Thursday 17 January 2013

Tailleur


Il était tailleur. Là-bas, dans son atelier, le fracas du monde ne pouvait l’atteindre. Les vagues des tissus enveloppaient les murs d’élégance, étouffaient les sons et l’on y entrait comme dans un sanctuaire. Dans la boutique on parlait, commentait, s'extasiait mais au premier pas dans l’atelier on baissait instinctivement la voix. Le lieu était empreint des heures de travail, d’attention, une infinie précision y était suspendue.
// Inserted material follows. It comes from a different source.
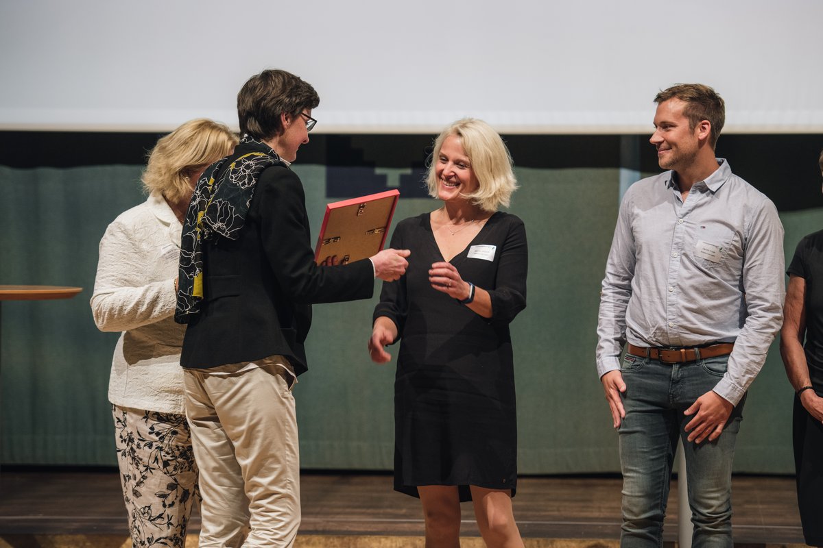 "Wir freuen uns, Ihrer Schule, Ihrem Kollegium und Ihnen, Frau Seybold, das Berufswahl-SIEGEL zu verleihen. Schon beim Audit fiel uns auf: Klein, aber fein.

Dans leur parfaite maîtrise du geste, ses doigts drapaient d’humilité l’homme puissant, tandis que l’homme humble se sentait devenir roi sous la coupe glorieuse du tissu. Dans la paix solitaire de son atelier il caressait longuement le textile avant de se mettre à l’ouvrage. Il en lisait le pli, la résistance, en scrutait le tomber. Il écoutait le chuchotement de la trame, en devinait les aspirations. Jamais il n’usait d’un tissu ou allait à l’encontre de ses désirs; le vêtement devait être un discours entre l’homme et la fibre, le résultat d’une osmose parfaite où transparaissait le choix réfléchi de l’aiguille, du fil adéquat, le tracé préliminaire précis et avisé. Le ciseau même, entretenu avec révérence, n’entravait pas l’étoffe mais la révélait. La matière lui parlait de rigueur ou de caresse, de pinces impeccablement ajustées, d’ourlets élaborés, lui réclamait biais élégants, points anglais ou rabattus.

Progressivement, l’échange intime du savoir faire et du matériau changeait le tissu fluide en un vêtement au caractère affirmé, prêt à passer le seuil de l’atelier pour faire son entrée dans la boutique. C’est là que, finalement revêtu, il prenait vie : la coupe de l’habit exprimait tout autant que les gestes de celle ou celui qui l’animaient. C’est la destinée du tailleur que de voir son labeur devoir le quitter pour s’accomplir.